扉を開けると、不機嫌そうに机に伏していたレイヴンが顔を上げた。
その顔が、きょとんとしたものになる。
「ずいぶん嬉しそうだけど……良いことでもあった?」
「少しね。……ねえ、今日はミルクティーにしない? 綺麗な色のお砂糖をいただいたんだ」
ふうん、と首を傾げたレイヴンが、机に置いた小袋を眺める。
「砂糖なんてわざわざ……? まあ、綺麗な色だけど……」
「いいじゃない。腐らないし、実用性があるんだから」
「それはそうなんだけど。スネイルでしょ? ちょっとらしくないっていうか……」
そのままじっと砂糖を見つめていたが、ふと、思いついたように声を上げた。
「もしかして。……ねえ、これ開けていい? お皿はある?」
「え? ええ……いいけど、どうしたの?」
レイヴンは丁寧に袋を開けると、砂金を探し出そうとするような慎重さで、砂糖を少しずつ皿に移していった。
首を傾げながら、紅茶を用意する。
やがて、レイヴンが両手をあわせた。
「……やっぱり! ほら見て、メーテルリンク!」
呼ばれて覗き込む。
皿の上に広げられた、白と薄紅のまだらな砂糖粒の中に、ひとつだけ、形を持ったかたまりがあった。
コロンと丸く、凹凸がある。
これは――薔薇の花、だろうか。
「角砂糖の花を贈るなんて、可愛いところがあるじゃない」
墜落の衝撃で砕けちゃってたから、言い出せなかったのね、とレイヴンが笑う。
決まり悪げなあの様子を思い出して、うっかり胸が熱くなってしまった。いつもの彼ならうまく行かなかったプランなど痕跡も残さず破棄してしまっただろうに――どうして、手渡してくれたのだろう。

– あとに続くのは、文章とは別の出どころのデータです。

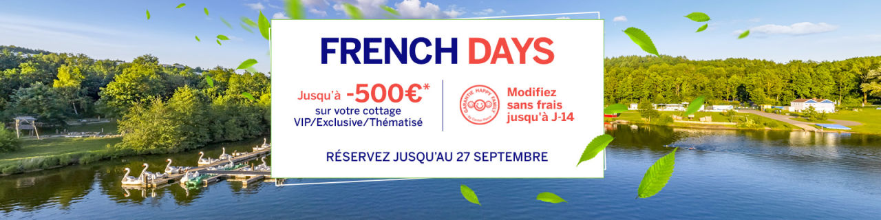 Et pourquoi ne pas prolonger vos vacances et continuer à vous détendre? Voici une offre intéressante pendant les "French Days" avec Center Parcs. En effet, elle propose jusqu'à 500€ de remise* !
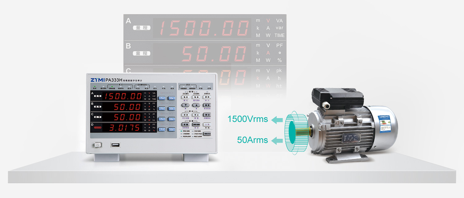 PA333H功率計采用了雙分流器技術,它無需使用外部傳感器便可以直接測量高達1500V的電壓、50A的電流,可輕松滿足高達75kW的大功率測試要求。
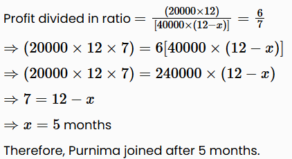 Kamal started a business with Rs. 20000. After some time, Purnima joined her with Rs. 40000. At the end of the year, profit was divided between them in the ratio 6 : 7. After how many months Purnima joined the business?
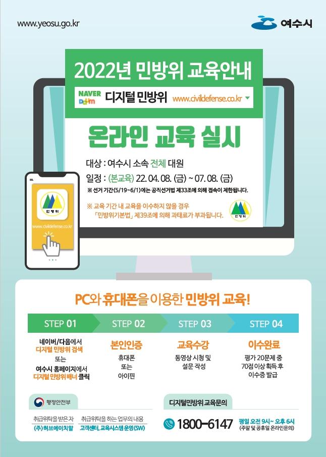 [°ø°£´º½º = ±è´ë¿µ±âÀÚ] ¿©¼ö½Ã°¡ ¿À´Â 4¿ù 8ÀϺÎÅÍ 7¿ù 8ÀϱîÁö ¡®2022³âµµ ¹Î¹æÀ§´ë¿ø »çÀ̹ö±³À°¡¯À» ½Ç½ÃÇÑ´Ù°í 6ÀÏ ¹àÇû´Ù.
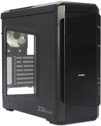 Отличный широкий корпус с хорошо продуманной системой вентиляции, тремя кулерами, подсветкой и пылевым фильтром спереди. Вентиляционные решетки находятся спереди, сверху, снизу и сзади. Есть дополнительные отверстия для установки 3 дополнительных вентиляторов: на дне, сверху и сзади. В боковой крышке корпуса отверстие, закрытое прозрачным пластиком (на фото его прекрасно видно). Так вот, при желании и умелых рыках это отверстие можно модифицировать как угодно: сделать в нём решетку, установить систему охлаждения и т.д. и т.п. В общем решение в абсолютной степени более удачное, чем металлическая решетка или и вовсе глухая стена.Чуть не забыл: на корпусе сверху переключатель для двух режимов работы вентиляторов: сильный и слабый. Сам корпус широкий - влез толстый куллер Macho, а это показатель. 4 USB выходя на корпусе: 2xUSB2.0 спереди и 2xUSB3.0 среху.
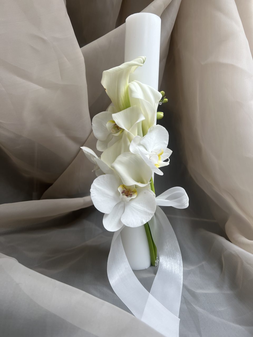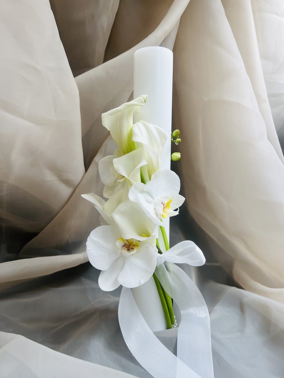 Lumânări de Cununie din Ceară Naturală cu Orhidee și Cale Albe
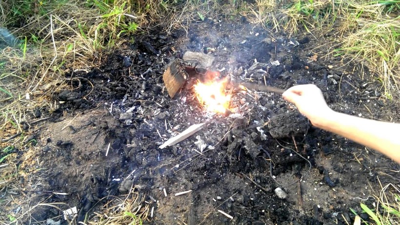 - А теперь мой экзотический способ. У меня с собой был презерватив. Слегка вытянув его, я наполнил его водой. Получилась хоть и специфическая, но линза. Важно: линза должна быть достаточно большой, чтобы световой луч был помощнее. Поймав лучик света, я направил его на скопление сухих травинок и пару найденных угольков. Примерно через 3 минуты пошел дымок, впоследствии мне удалось развести огонь.
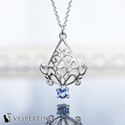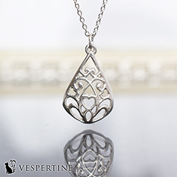 雫のシルエットに、クラシカルな透かし模様を施した「しずくネックレス」のジュエリーコレクション。輝く宝石と繊細な装飾デザインが美しいです。
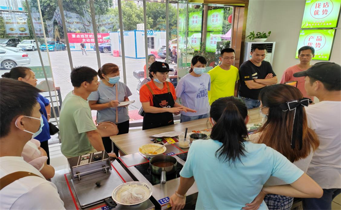 (沙县小吃菜品升级班学员在醉有才公司实训场景掠影)

「か、角砂糖の、保存方法について……っ! 調べなきゃ……!」
「わあ乙女」
「だって、こんな……! ねえレイヴン、どうしよう、これってどういう意味だと思う!?」
「え……意味はあんまりないんじゃない? スネイルよ?」
「なんでそんなひどいこと言うのかなあ!?」
「いや、意味を込めるなら砂糖ではないんじゃ……普通にちょっとしたお礼……」
「……そ、そうよね……うん……言われてみればそのとおりなんだけど……うう……!」
「あーごめん、ごめんってば。わかった、角砂糖の保管方法ね。えーっと」
きゃいきゃいと騒ぐ二人の番号付きに、入室した隊員がめずらしいものを見るような目を向ける。
可愛らしい砂糖の薔薇は、乾燥剤とともに小さな瓶に入れられて、メーテルリンクの私室に保管されることになった。
宝物扱いのむず痒さに、いつまで耐えられるかしらね、とレイヴンが笑った。